Selain itu, hal ikhwal kepemimpinan (khilafah) telah menjadi bagian kajian dan pembahasan para ahli fikih di dalam kitab-kitab mereka sepanjang sejarah. Fakta tesebut menunjukkan bahwa negara tidak dapat dipisahkan dari agama karena agama merupakan fitrah. Oleh karena itu nilai-nilai dan tujuan agama (Islam) harus diterapkan dalam setiap kebijakan negara termasuk penerapan konstitusi. Sebagai negara beragama, Indonesia memiliki konstitusi (UUD 1945) yang dijiwai oleh nilai-nilai agama, termasuk Islam.
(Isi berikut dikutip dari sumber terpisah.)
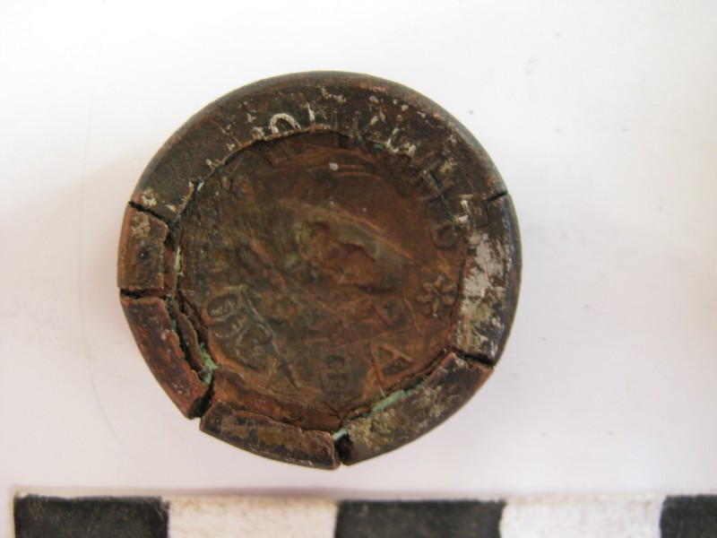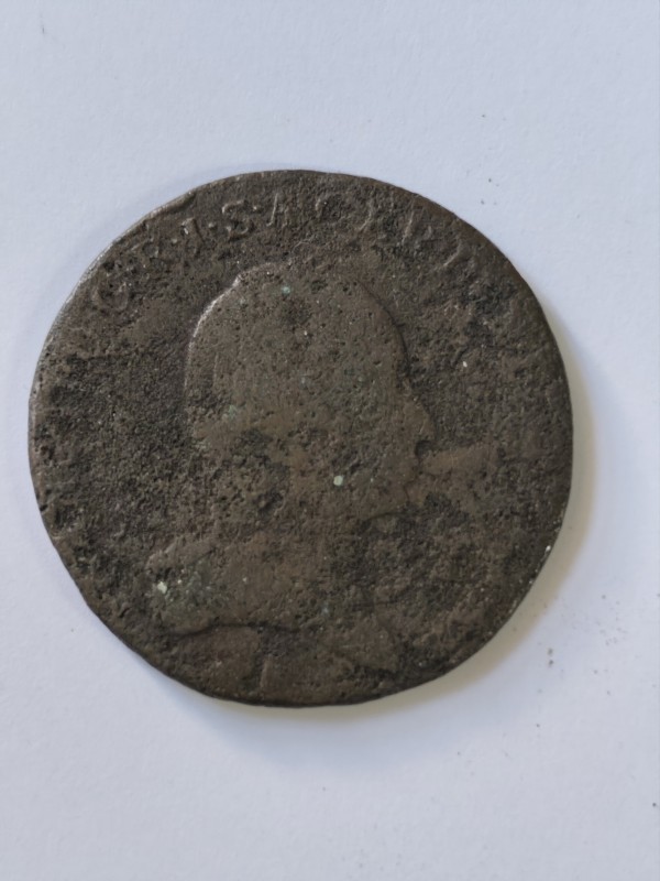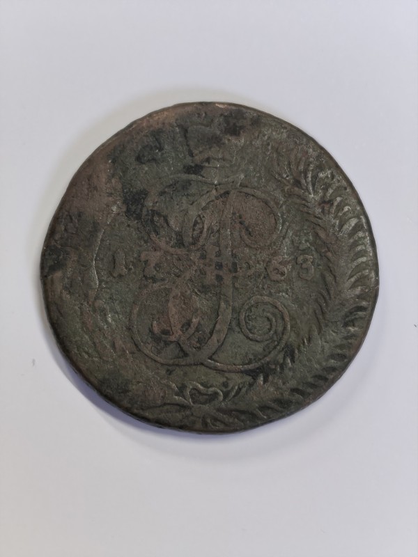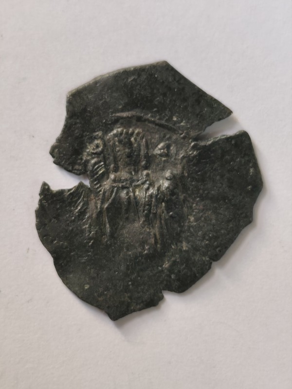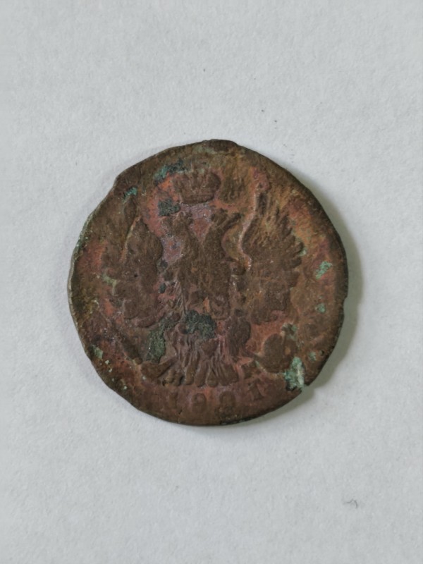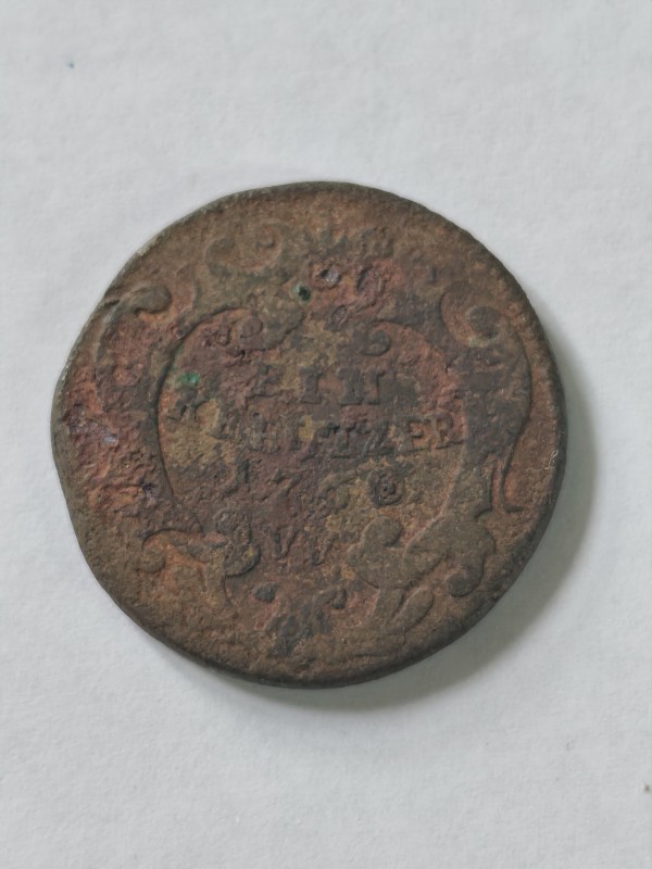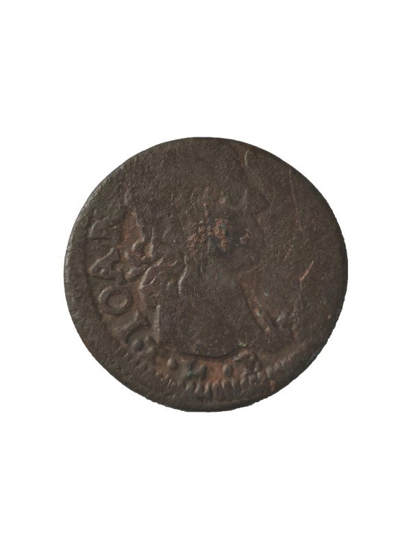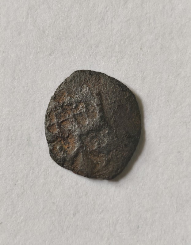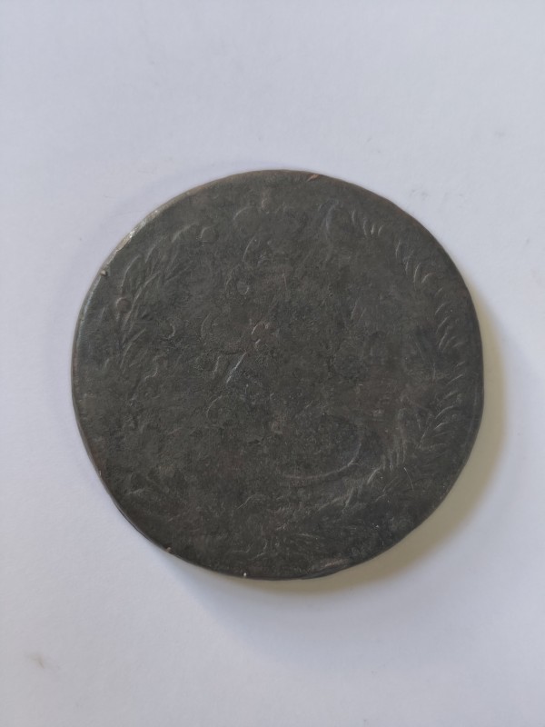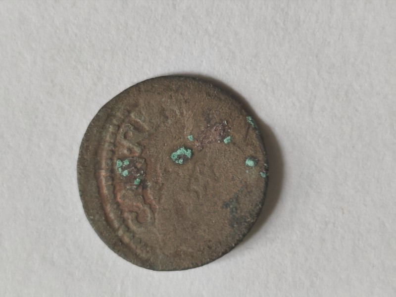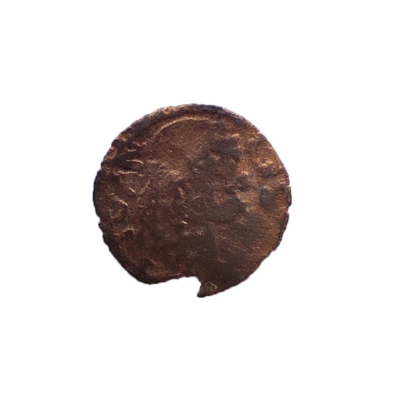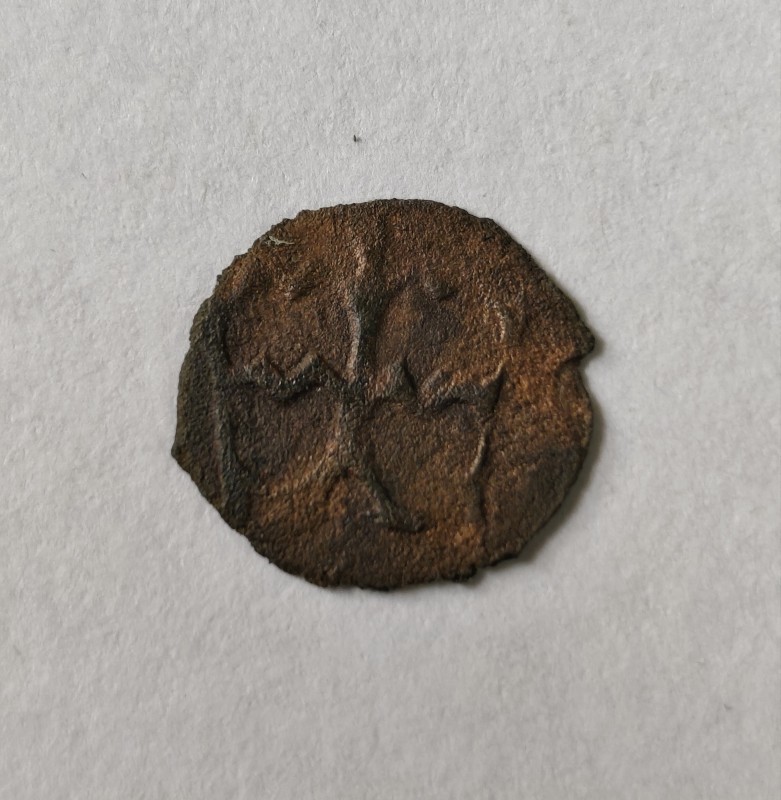 Монета круглої форми - боратинка. Аверс монети стертий, зображення і легенда монети не простежується. Реверс монети - зображено герб Погоня (вершник на коні із мечем у руках). Навколо частково прочитується легенда монети "CO...G LI..."

Sikap Pemerintahan Islam Terhadap Non Muslim
Non Muslim yang menjadi warga negara pemerintahan Islam akan mendapatkan perlakuan sama dengan kaum Muslim. Hak mereka sebagai warga negara dijamin penuh oleh negara Islam. Namun, mereka juga harus menunaikan kewajiban-kewajibannya sesuai dengan ketentuan yang telah digariskan oleh konstitusi dan undang-undang negara. Adapun sikap pemerintahan Islam terhadap non Muslim dapat dijelaskan melalui empat kategori sebagai berikut :
- Dzimmi
Non Muslim (kafir) dzimmi adalah kelompok yang mendapat jaminan Allah dalam hak dan hukum negara. Kelompok ini mendapat perlakuan hukum dan hak yang sama dengan kaum Muslim. Baik hak politik, sosial, ekonomi, ketentaraan, pendidikan, bebas melaksanakan ibadah sesuai ajaran agamanya, dan hak-hak lain sebagaimana layaknya warga negara.
- Musta’man
Non Muslim Musta’man adalah kelompok agama lain yang meminta perlindungan keselamatan dan keamanan terhadap diri dan hartanya. Terhadap kelompok ini tidak diberlakukan hak dan hokum negara. Adapun diri dan harta mereka wajib dilindungi dari segala macam bentuk ancaman selama mereka masih dalam perlindungan pemerintahan Islam.
- Mu’ahadah
Non Muslim Mu’ahadah adalah kelompok agama lain yang melakukan perjanjian damai dan menjalin hubungan persahabatan antar negara. Baik disertai dengan perjanjian akan bantu-membantu, saling membela, ataupun tidak.
- Harbi
Non Muslim Harbi adalah kelompok agama lain yang bersikap memusuhi, mengganggu keamanan dan ketenteraman, bersikap zalim, suka menghasut atau melakukan provokasi, membuat fitnah dan kekacauan, tidak mengamalkan agamanya, Terhadap kelompok ini pemerintah dibenarkan untuk melawan, mengambil tindakan tegas dan memeranginya. Hal ini dilakukan demi mencegah dan menghentikan sikap mereka yang bersifat destruktif.